Today’s math students are expected to not just solve problems but to explain themselves, the meaning of a problem and the steps they took to come up with solutions. Students are asked to make conjectures, spot relationships and patterns they see between problems and much more. Gone are the days of rote memorization of math facts. In today’s classrooms you will find students decomposing numbers, engaging in mathematical discourse and looking at different entry points to find solutions to problems. While for many of us this “new” math feels foreign, it is important to remember that educators today are learning more and more about how students learn mathematics. The instructional actions that teachers are taking in today’s classrooms are directly aligned with the research-based elements of effective classrooms and how students learn mathematics. Here are some easy steps you can take today to help you child be successful in math.
1. Think Before You Solve
Before jumping in to solve a problem take a few minutes to think and talk about what you know about the problem. Here is a Think Before Solving lesson plan template that explains how I do this in the classroom.
2. Ask Questions
The kinds of questions we ask matter.
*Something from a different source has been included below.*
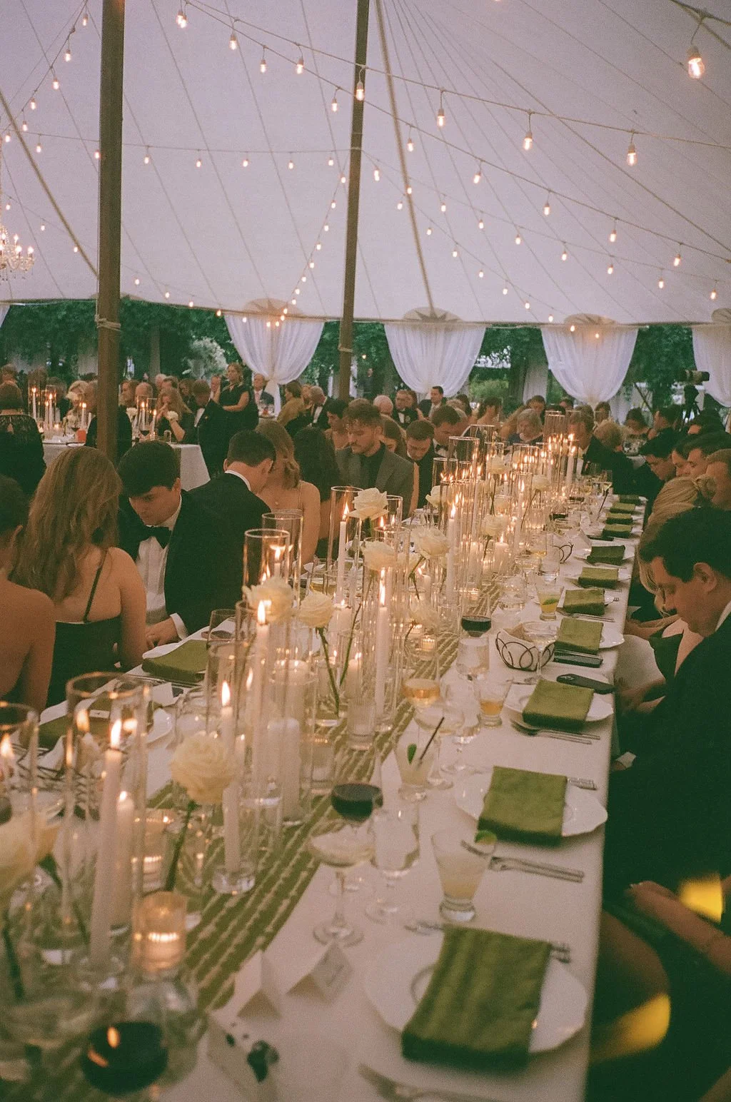 The design palette was a sophisticated blend of classic Virginia style and modern, editorial details. We leaned into a Martini Theme for the entire weekend, which served as a playful yet polished thread throughout the weekend. This motif inspired custom graphics, which appeared on many design elements, including the invitations, welcome bag tags, and cocktail napkins. To bring an unexpected, fashion-forward element to the cocktail hour, we utilized a rich olive green palette and tied delicate bows around the stems of the martini glasses—a small detail that felt both whimsical and high-end.
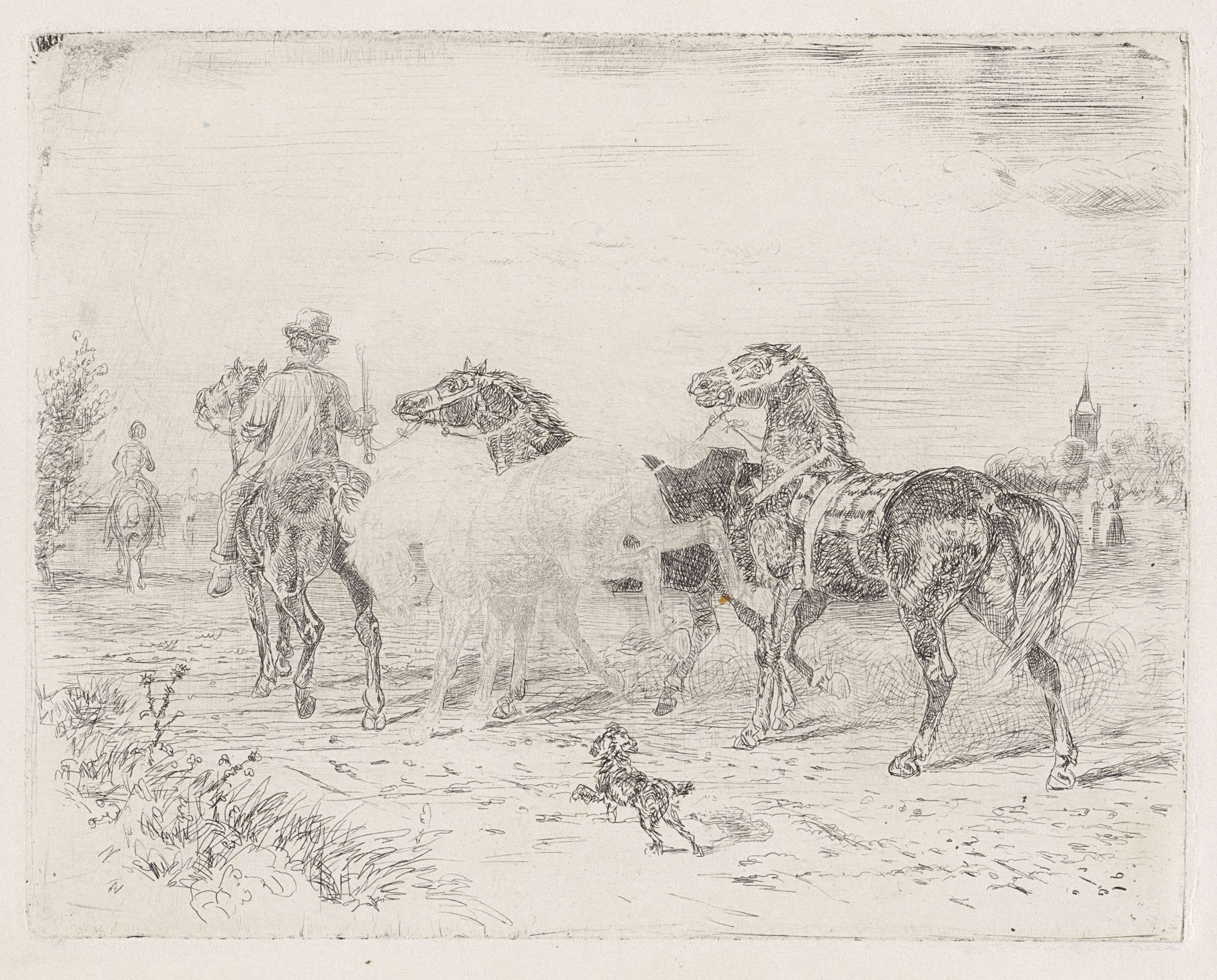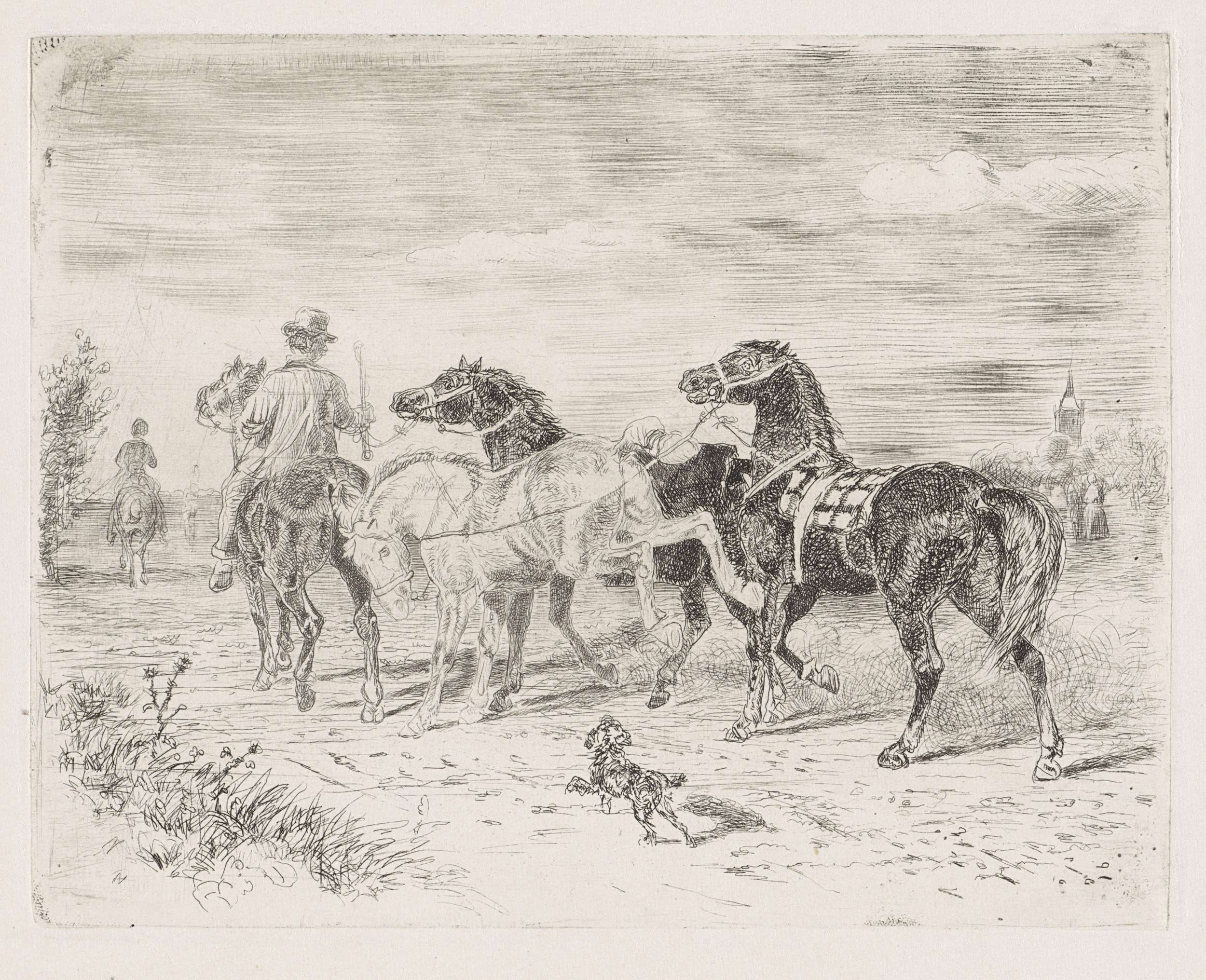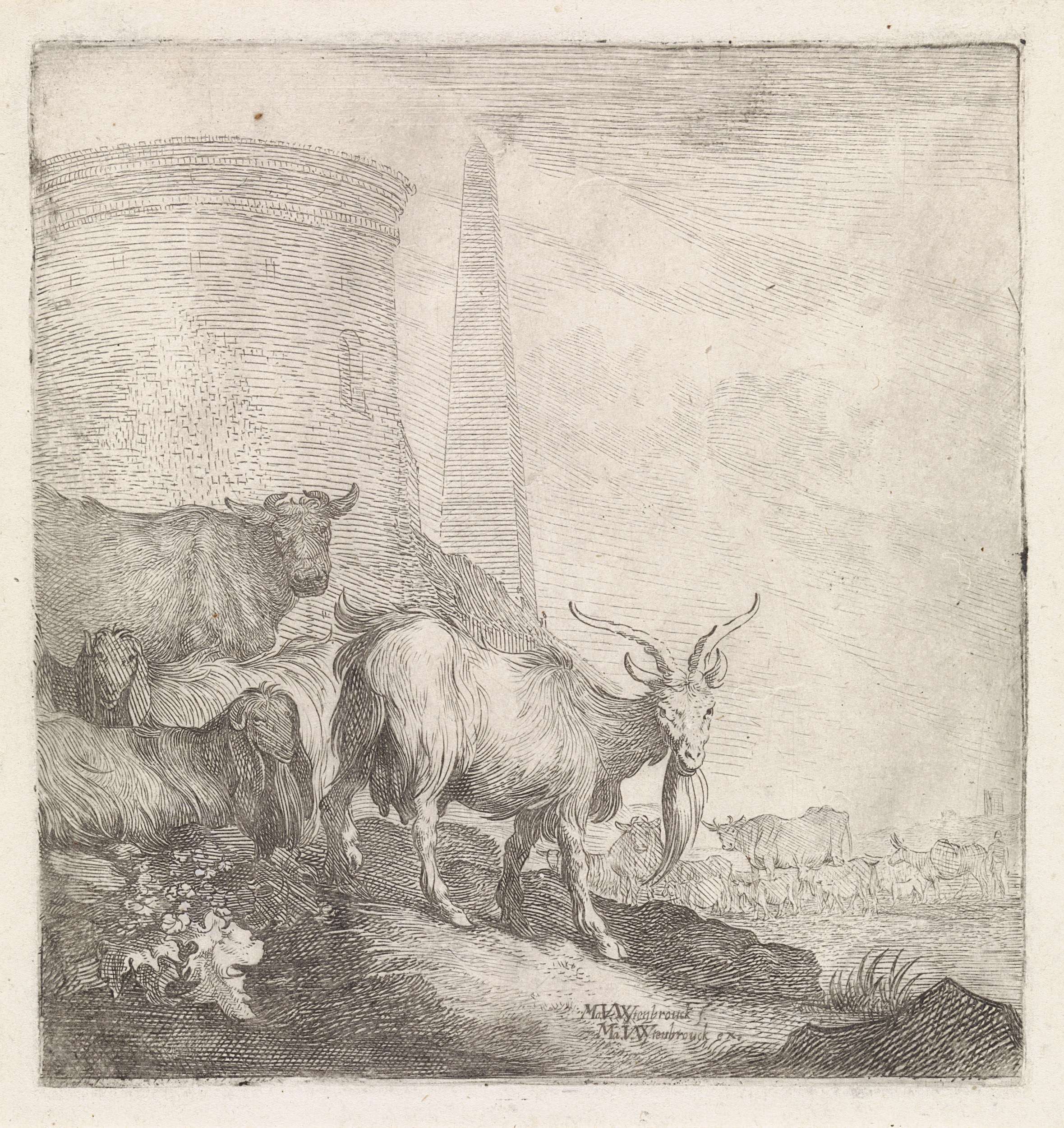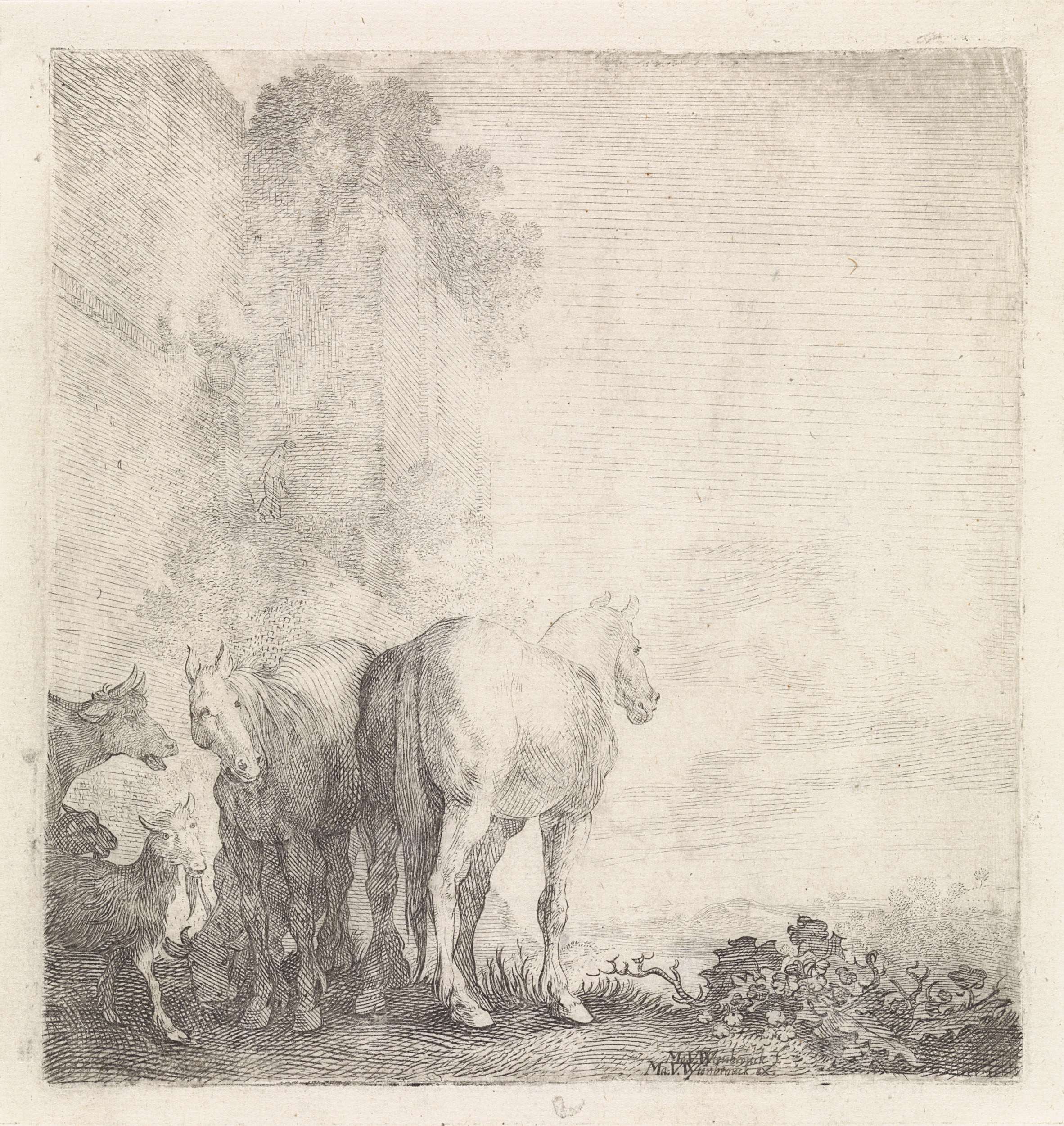 Twee paarden met geiten en een koe bij een hoge (sta...

Teachers and parents can use questioning to assess understanding, intervene when focusing is needed or press for deeper understanding. Here is a Questioning Quick Reverence sheet with examples of the different kinds of questions to ask when helping students solve math problems.
3. Make Use of Math Properties
The properties of mathematics are the rules of math. They can help students to give good reasons for arguing for or against a solution. Here is a PowerPoint defining the properties of mathematics that elementary students will use in solving problems.
4. Learn to Think Like a Mathematician
Mathematical understanding will improve if we foster students’ habitual use of these mathematical thinking routines. We call them Habits-of-Mind. I teach students that these are the habits that mathematicians use every time they do math. .
5. Learn to Act Like a Mathematician
Mathematical understanding will improve in a class where inquiry, wrong answers, perseverance and collaborating with others provides opportunities for all students to learn. This is the reason that positive student-to-student interactions are encouraged and students practice how to work together on solving problems. In our classroom they are called the Habits-of-Interaction.